Exercise requirements. Exclude the pictures and repeat all of the data exactly.

Records for the task.
....

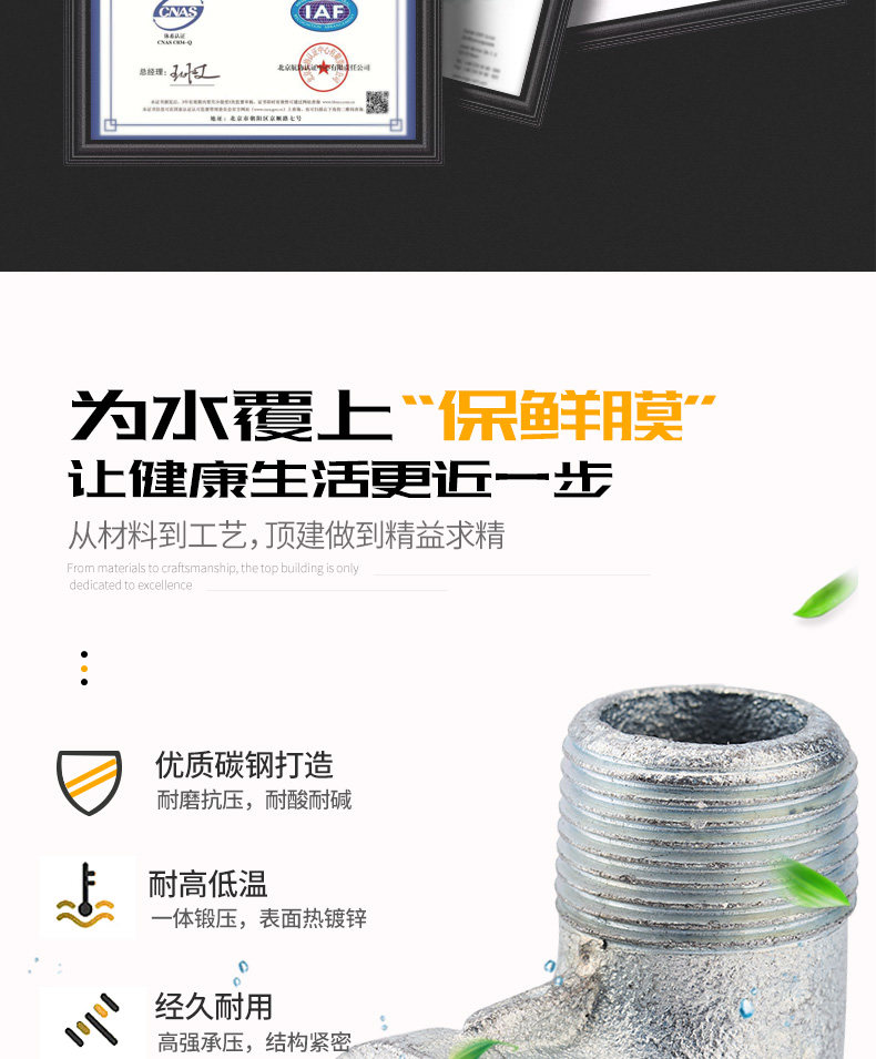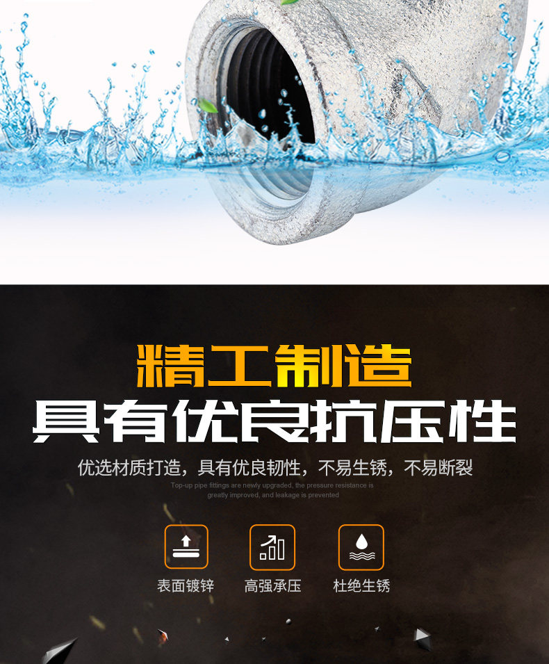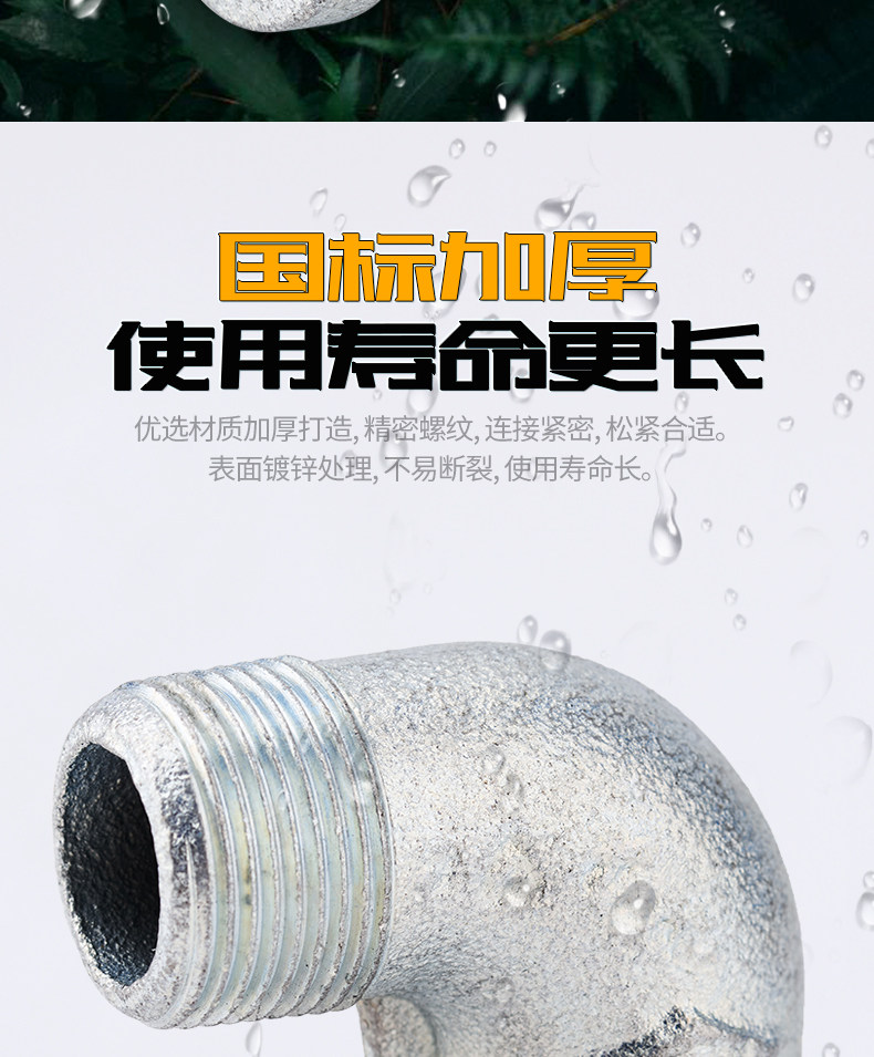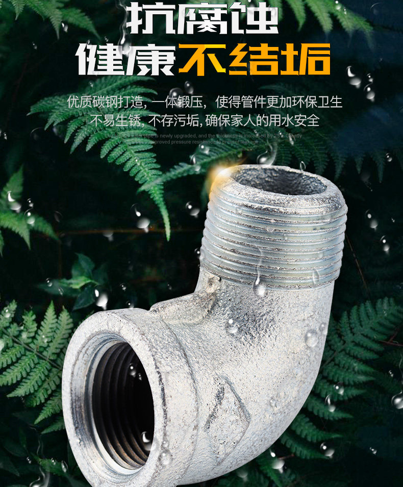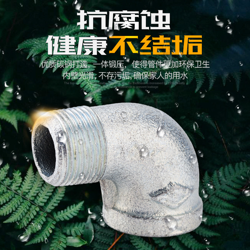 顶建 Оцинкованный внутренний и внешний проволочный, внутренний и внешний проволочный, внутренний и внешний зубной нить, 1 дюйм 6 точек, 4 балла, DN15 20253240 Железный локоть
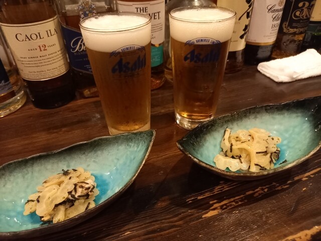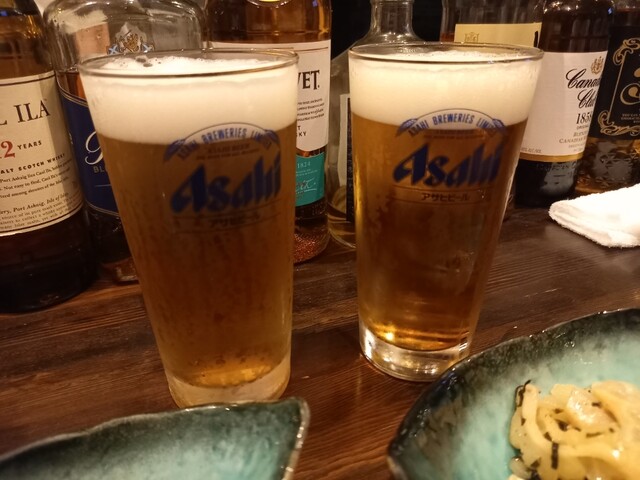 カウンター席に腰掛け、まずは生ビールで乾杯!
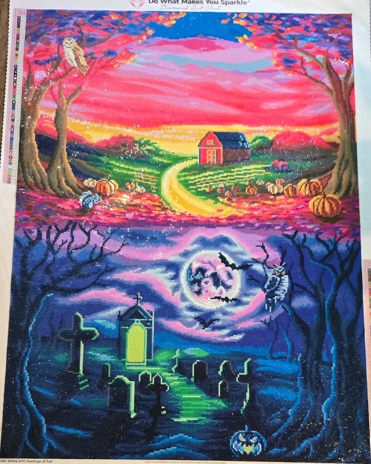 My first kit and it turned out so beautiful and sparkly! The quality of the kit is exceptional and the drills fit perfectly together. Great mix of confetti and color blocking. It's a huge canvas, with the perforated cover it was easy to focus on one section at a time and see this stunning scenery come to life!
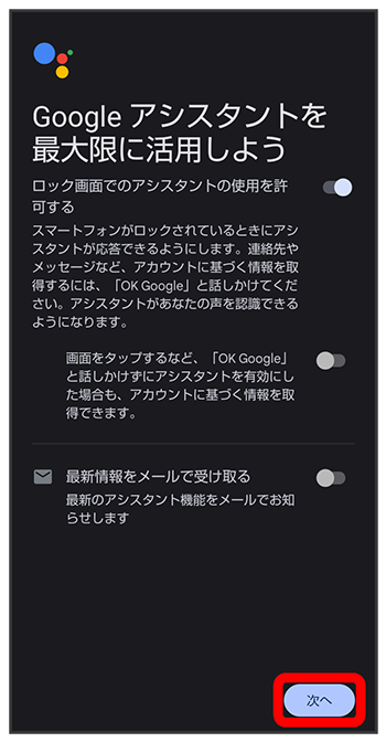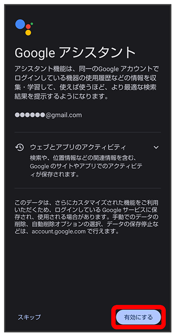 Google アシスタント機能がONに設定されます。
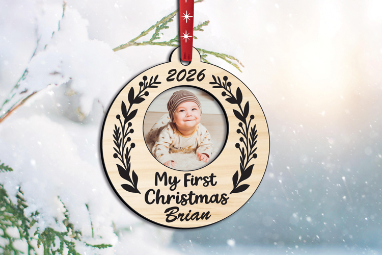This unique My First Christmas Ornament with a Baby photo is a great Christmas present and keepsake for newborn babies and their parents for the Christmas holiday!
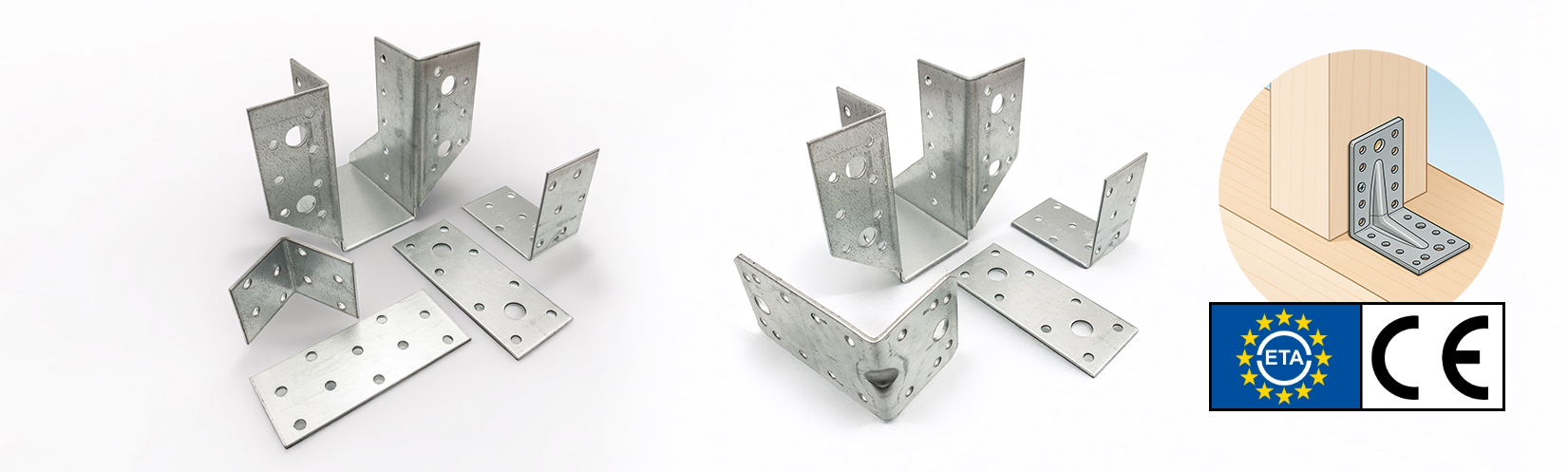 Złącza do łączenia drewna z drewnem oraz drewna z betonem w różnego rodzaju konstrukcjach.
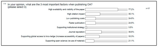 The users pointed out that their 3 most important reasons for publishing OA are that it allows for a high availability and visibility for the paper (77.2%), because of the journal’s reputation (38.6%), and due to high citation impact (35.1%), closely followed by the importance of global access to knowledge (33.3%) (see Figure 2).
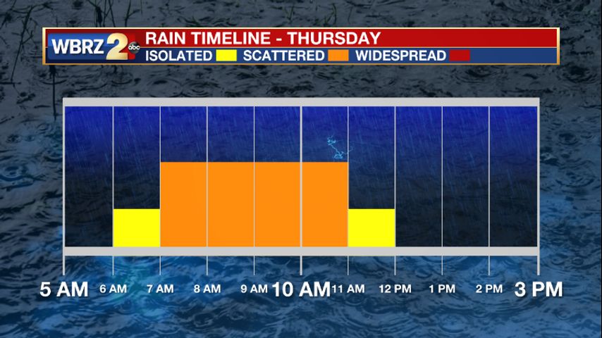 Up Next: Thursday morning will start with gloomy skies and the cold front will start to usher in rain from northwest to southeast. Rainfall is expected to be less than an inch in all areas. As the front falls apart, the showers will too. The areas northwest of Baton Rouge are most likely to catch a shower before it falls apart. By Friday morning, we will be back to the clear skies. Temperatures will be much cooler heading into the weekend with highs in the 60s and overnight lows near 40 degrees. Northern locations will likely dip into the 30s. Click here to see the 7-day forecast.

....

Solution to this exercise.
 顶建 Оцинкованный внутренний и внешний проволочный, внутренний и внешний проволочный, внутренний и внешний зубной нить, 1 дюйм 6 точек, 4 балла, DN15 20253240 Железный локоть
 カウンター席に腰掛け、まずは生ビールで乾杯!
 My first kit and it turned out so beautiful and sparkly! The quality of the kit is exceptional and the drills fit perfectly together. Great mix of confetti and color blocking. It's a huge canvas, with the perforated cover it was easy to focus on one section at a time and see this stunning scenery come to life!
 Google アシスタント機能がONに設定されます。
This unique My First Christmas Ornament with a Baby photo is a great Christmas present and keepsake for newborn babies and their parents for the Christmas holiday!
 Złącza do łączenia drewna z drewnem oraz drewna z betonem w różnego rodzaju konstrukcjach.
 The users pointed out that their 3 most important reasons for publishing OA are that it allows for a high availability and visibility for the paper (77.2%), because of the journal’s reputation (38.6%), and due to high citation impact (35.1%), closely followed by the importance of global access to knowledge (33.3%) (see Figure 2).
 Up Next: Thursday morning will start with gloomy skies and the cold front will start to usher in rain from northwest to southeast. Rainfall is expected to be less than an inch in all areas. As the front falls apart, the showers will too. The areas northwest of Baton Rouge are most likely to catch a shower before it falls apart. By Friday morning, we will be back to the clear skies. Temperatures will be much cooler heading into the weekend with highs in the 60s and overnight lows near 40 degrees. Northern locations will likely dip into the 30s. Click here to see the 7-day forecast.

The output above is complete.